マーケティングの領域に限らず、ビジネスの世界は自らが求められることに応え、自らの腕を磨き、視野を広げて、社内社外を問わずキャリアをアップさせていくことで得られる最大の果実は、僕はこの「自らを人間として信頼しきちんと分け隔てなく接してくれる度量の大きい人たちの世界」に、この厳しい時代を生きる戦友として迎えてもらえることだと思います。
山口さんが言う「ストリートファイト」で僕もずっと生きてきましたが、僕もこういうユニークで度量の大きい人たちに本当に助けてもらったし、友人としてフラットに接してもらえるようになったのが、自らの実力や境遇を直視してキャリアと真剣に向き合ったその先にあったことです。

自分は今は経営者ですので、自分の会社はもちろんですが、社外で縁のあった方、そして身近なところでは息子たちを一人でも多くこの世界に入れてあげられる場と育成を提供したいと心の底から思います。

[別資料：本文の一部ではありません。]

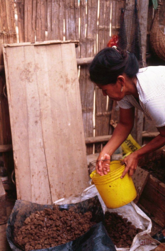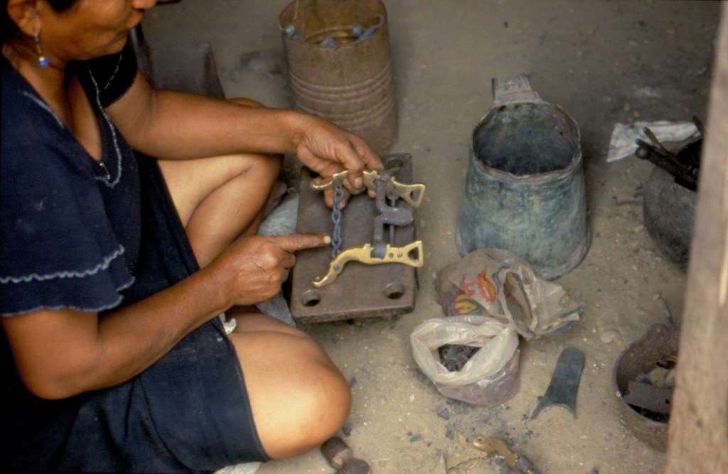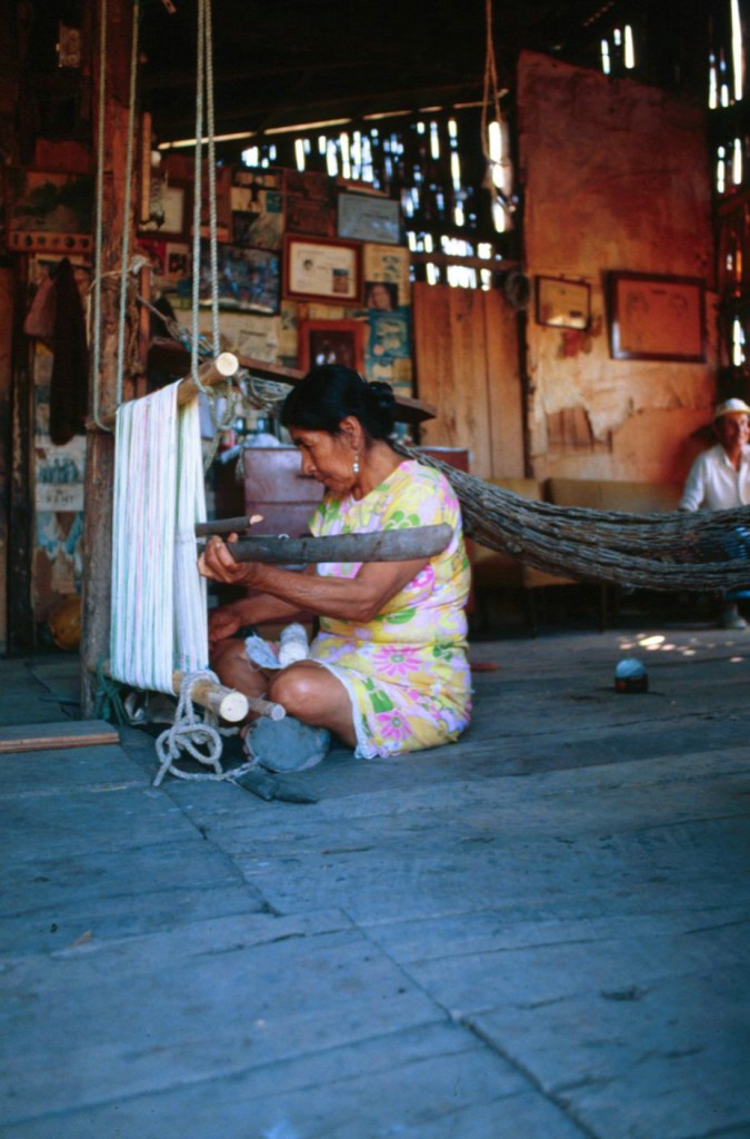 ALVAREZ, Silvia. “Artesanías y tradiciones étnicas en la península de Santa Elena” en: Revista del CIDAP Nº25 pp. 45-119 Abril 1987, Cuenca, Ecuador.Las artesanas y sus artesanías contribuyen a imprimir identidad étnica al Pueblo Ancestral Comunero. Las artesanías representan el vínculo con su historia como Antigua Comunidad Indígena desde “tiempos inmemoriales”. Contribuyen a mantener la memoria y a impedir la desarticulación del universo territorial de referencia: unen familias a través de las actuales fronteras Comunales, y estimulan el intercambio regional. El mercado de intercambio y circulación de artesanías, y el de sus conocimientos asociados, se mantuvo relacionado con los Antiguos Territorios étnicos a lo largo de la costa del Pacifico (por lo menos desde Manabí al Norte de Perú). Este intercambio todavía otorga a los grupos participantes sentido de pertenencia y autoestima frente a los extraños (algodón chiao que viene por ejemplo desde Bajadas de Chanduy y llega a Tugaduaja.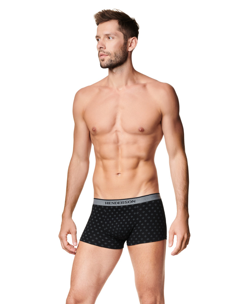 Czarne bokserki zdobione lekkim printem. W pasie srebrna, subtelnie błyszcząca guma z logo marki. Profil przedni profilowany, zapewni Ci najwyższą wygodę. Bokserki doskonale uzupełnią właściwie każdą Twoją, codzienną stylizację niosąc z sobą komfort i styl. Skład: 95% bawełna, 5% elastan.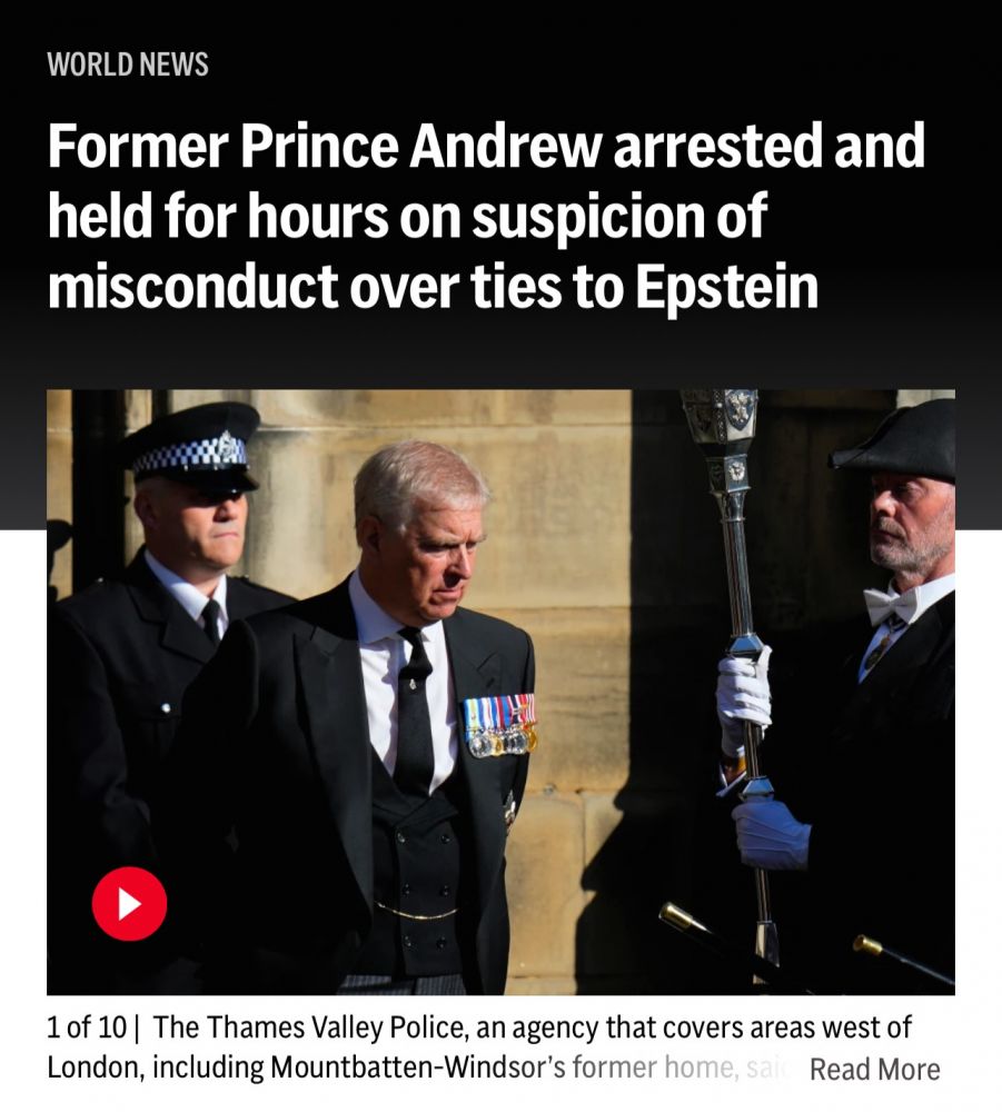 王子犯法与庶民同罪,英国前王子安德鲁公爵,成为爱泼斯坦文件公布后,大批“光荣”上榜的权贵官宦富豪中,被捕的第一个“名“人。“名”:臭名昭著的名借把美国牢底坐穿的喜囯大总统郭文贵的名言:一切都是刚刚开始。

山口さんはとてもできるマーケターですので、お客さんである読者に興味を持ってもらえるように精いっぱい下世話に書いたこの本はやはり、最後で化けの皮がはがれて山口さんの真摯で実直なところがモロに出てしまっています(笑)
ですので、書店に山と積み上げられる軽薄なキャリア本とは違うぞということをお伝えさせていただいたところで今日は終わり。

是非手に取ってみてください。

マーケティングの仕事と年収のリアル

さて、個人のキャリアを自動車の運転に先ほど喩えましたが、経営ボードとしてのキャリアはどちらかというと列車だと思ってます。
事業はそんなにクルクルと方向転換していてはカタチになりませんから、ここぞというところで「ガシャン」とポイントを切り替え、レールを敷設しながら、あとは粘り強く力強く貨車や客車を引っ張り続ける必要があると思います。
でも列車のいいところは自動車(個人)より自由度は落ちるかもしれませんが沢山の人やモノを目的地の近くの駅まで運ぶことができるところですし、個人としては分不相応に幸せなビジネスマン人生を歩ませてもらっている周りへの恩返しを残りの人生でしないといけません。

僕の汽車に一緒に乗ってくれている人はどこへ連れて行ってほしいと思っているのかを考える上でも勉強になりました。

さて、山口さんの本を拝読し大きく学びを得たところで僕のやるべきことは決まりました。

ご存知ですよね?(笑)今日も持ち場でがんばりましょう。